Du self tribal au self numérique


Le problème est en grande partie culturel et lié à la montée en force du
libéralisme, selon l’auteur. Selfie décrypte l’individualisme à partir du «self
tribal», du besoin de statut, de réputation et de hiérarchie d’il y a 12 000
ans. Il se poursuit chez les Grecs anciens, lesquels associent le physique et
l’éthique, le beau et le bien. C’est avec Aristote que naît l’individualisme,
l’idée selon laquelle chacun est responsable de soi-même.

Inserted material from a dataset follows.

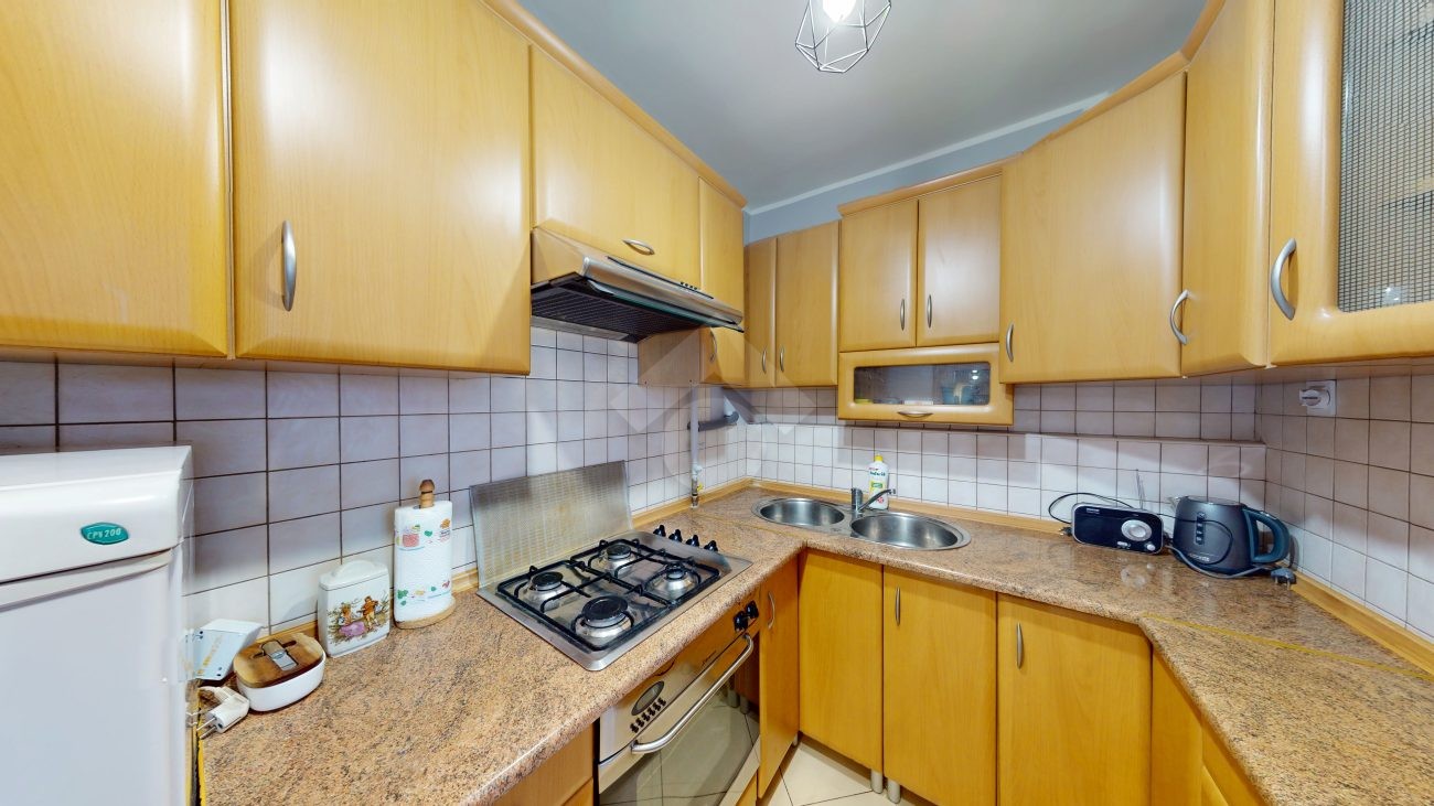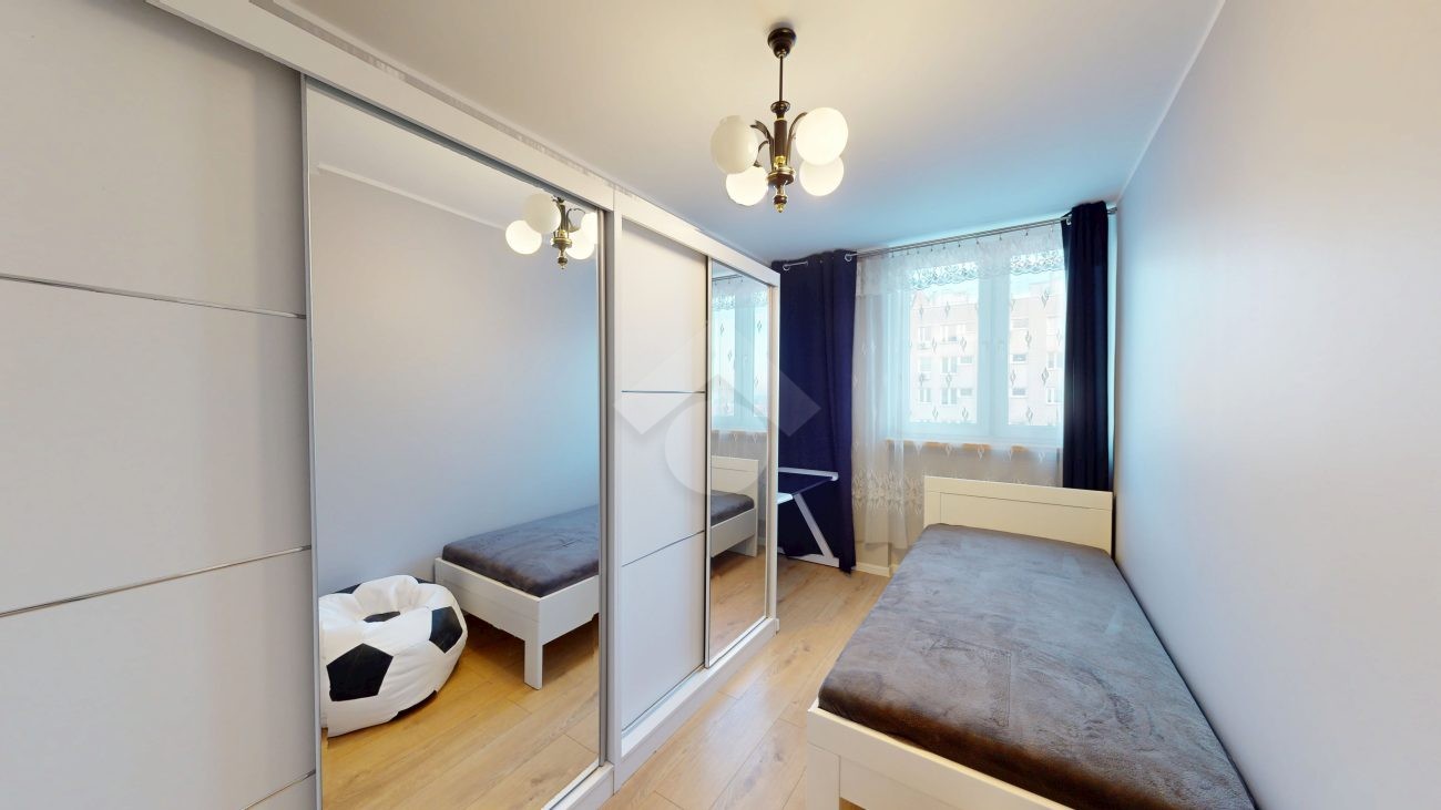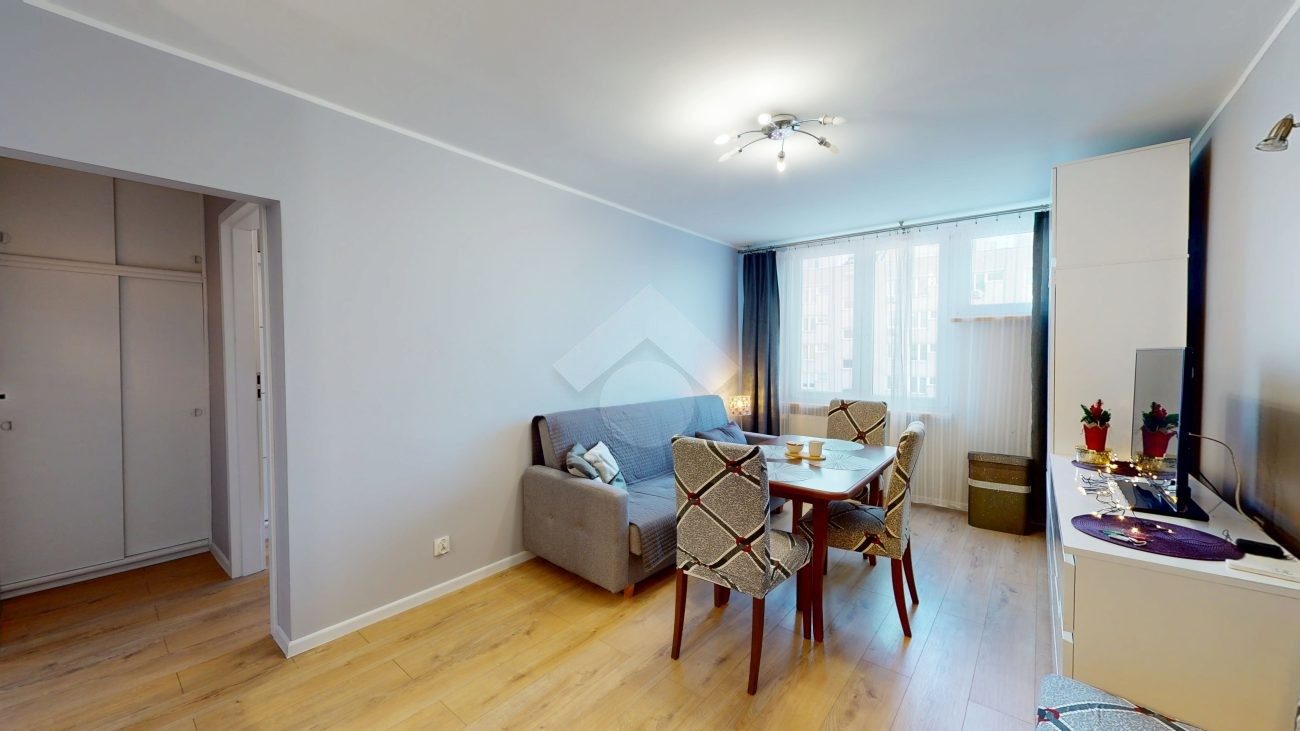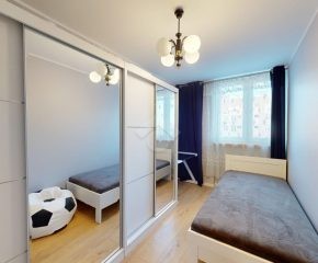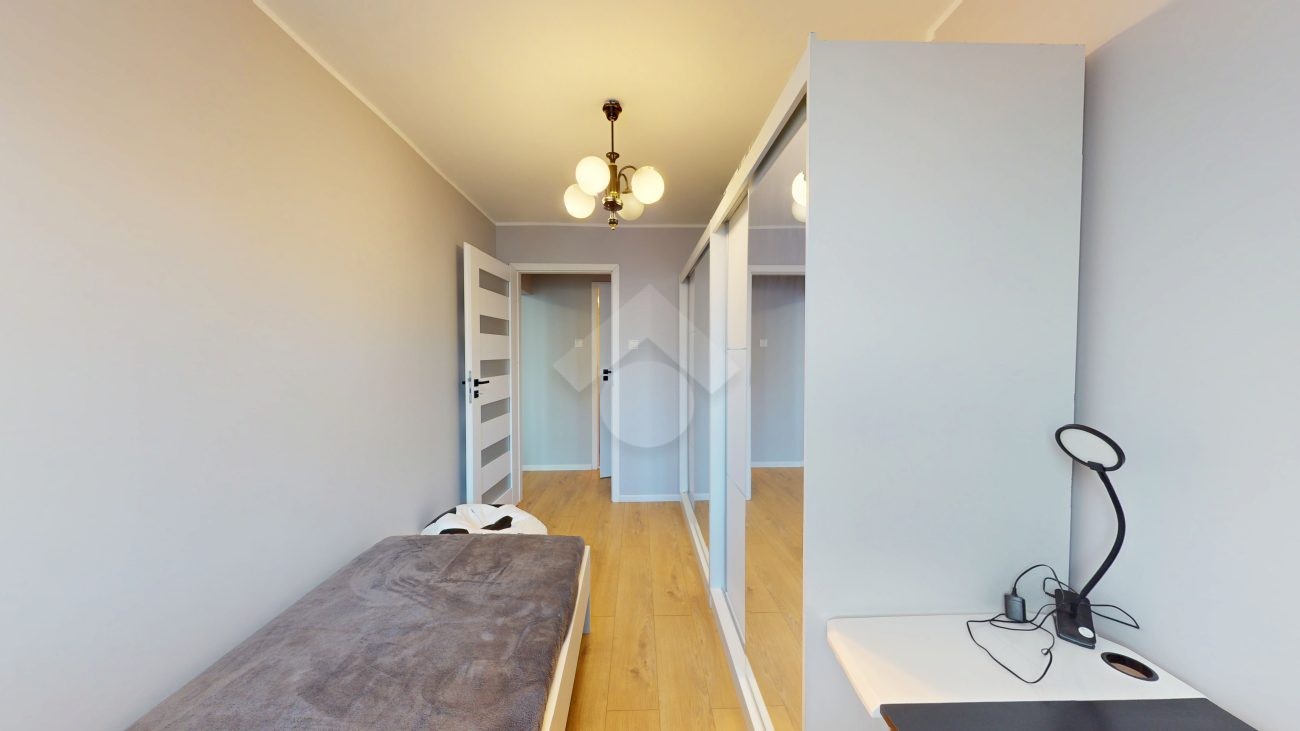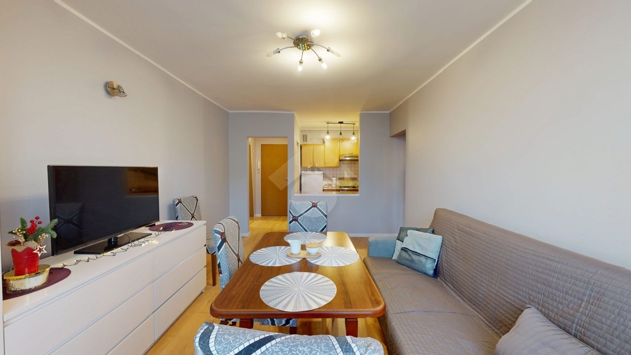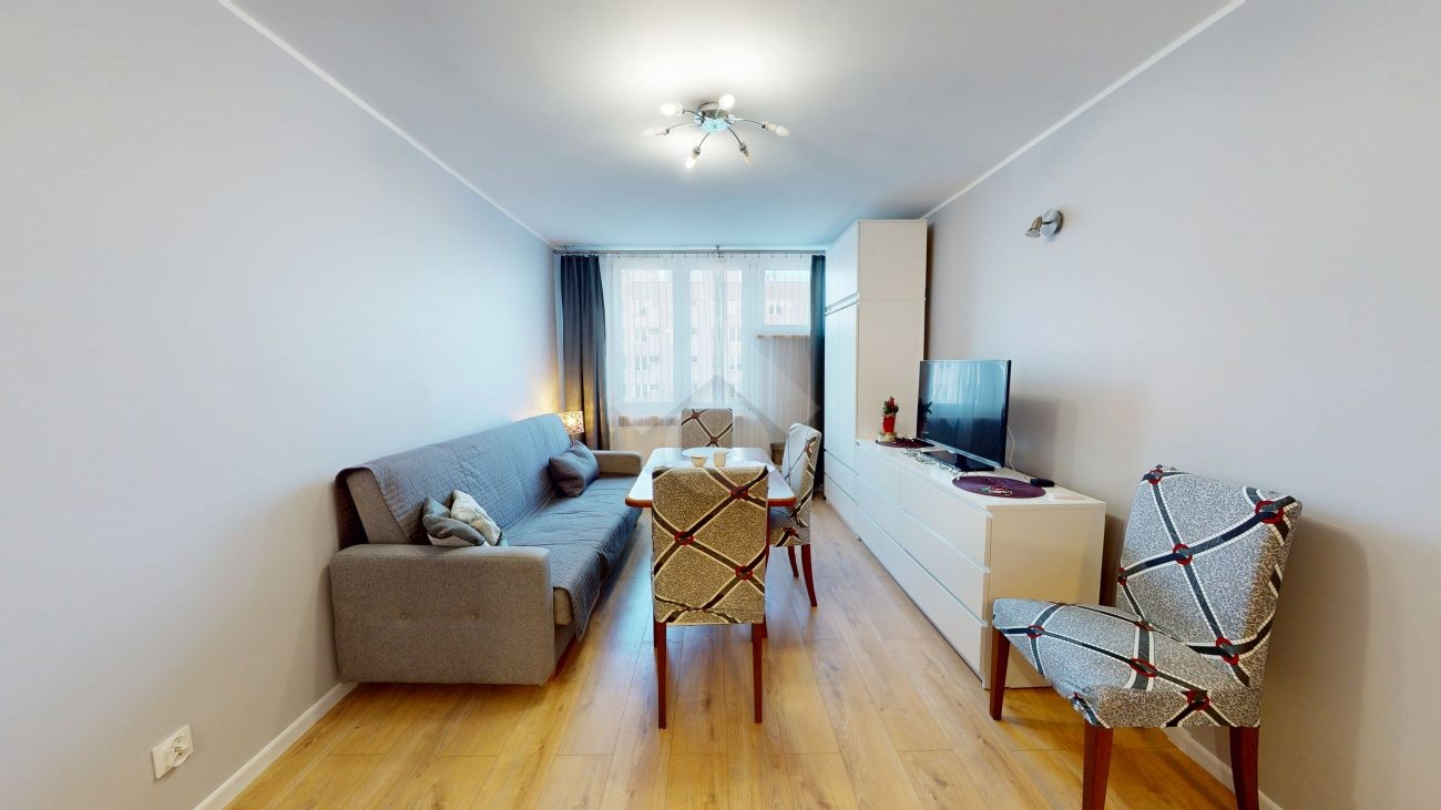 W pokoju dziennym znajduje się rozkładana kanapa, szafka RTV z telewizorem, duża szafa oraz stół z czterema krzesłami. Aneks kuchenny wyposażony jest w zabudowę kuchenną, płytę grzewczą z piekarnikiem, lodówkę z zamrażarką, okap oraz zlew. W sypialni znajduje się jednoosobowe łóżko, dwie pojemne szafy oraz biurko. Łazienka wyposażona jest w toaletę, wannę, pralkę oraz szafkę. W przedpokoju znajduje się zabudowana szafa.

Will Storr accompagne son approche historique par une «géographie de la


pensée», pour reprendre Richard Nisbett. Plus on se dirige vers l’Ouest et
plus on maximise l’estime de soi et l’individualisme. En Orient, avec
Confucius, l’ambition perfectionniste de l’individu s’efface au profit du
désir d’harmonie. Le voyage se terminera logiquement avec le «self
numérique» de la Silicon Valley en 2017.

A lire aussi: Le néolibéralisme, une notion controversée

Mais l’individualisme atteint son apogée aux Etats-Unis. En 1859, le best-


seller s’appelle Self Help de Samuel Smiles, lequel demande aux jeunes de
ne faire appel qu’à soi-même pour atteindre un but. La libérale Ayn Rand
(1905-1982), auteur de «la vertu de l’égoïsme» et du best-seller Atlas
Shrugged (1957), y joue un rôle majeur. Alan Greenspan, le président de la
Fed de 1987 à 2007, lui a été très proche. Steve Jobs l’a évoqué comme un
guide de sa vie. Donald Trump s’en est aussi revendiqué. C’est avec Ayn
Rand que le capitalisme est promu pour ses mérites moraux et pas
seulement économiques.

Ayn Rand est plus actuelle que jamais dans la Silicon Valley, au sein des
entrepreneurs qui veulent changer le monde et qui croient que la réussite
dépend à 100% de soi-même. C’est un véritable phénomène culturel. Louis
Rossetto, cofondateur du magazine de l’innovation qu’est Wired, est lui-
même libertaire.

A lire aussi: Cannes ou le triomphe de l’individualisme

Dans cette gig economy (l’économie sans emploi fixe), l’individu est libre.


On parle même de «zero-hour contract». La responsabilité de l’employeur
est minimisée, celle de l’employé maximisée. Ce dernier doit lui-même
faire fructifier son savoir, se former et assurer sa prévoyance. S’il ne trouve
pas d’emploi, c’est sa faute.

Mais comme chacun est imparfait, au sein de la «génération selfie»,


l’échec est fréquent. Will Storr rejette donc violemment cette forme
d’individualisme libéral. Il faut distinguer le bonheur et la réussite
économique, explique-t-il, et mettre fin à la guerre pour la perfection.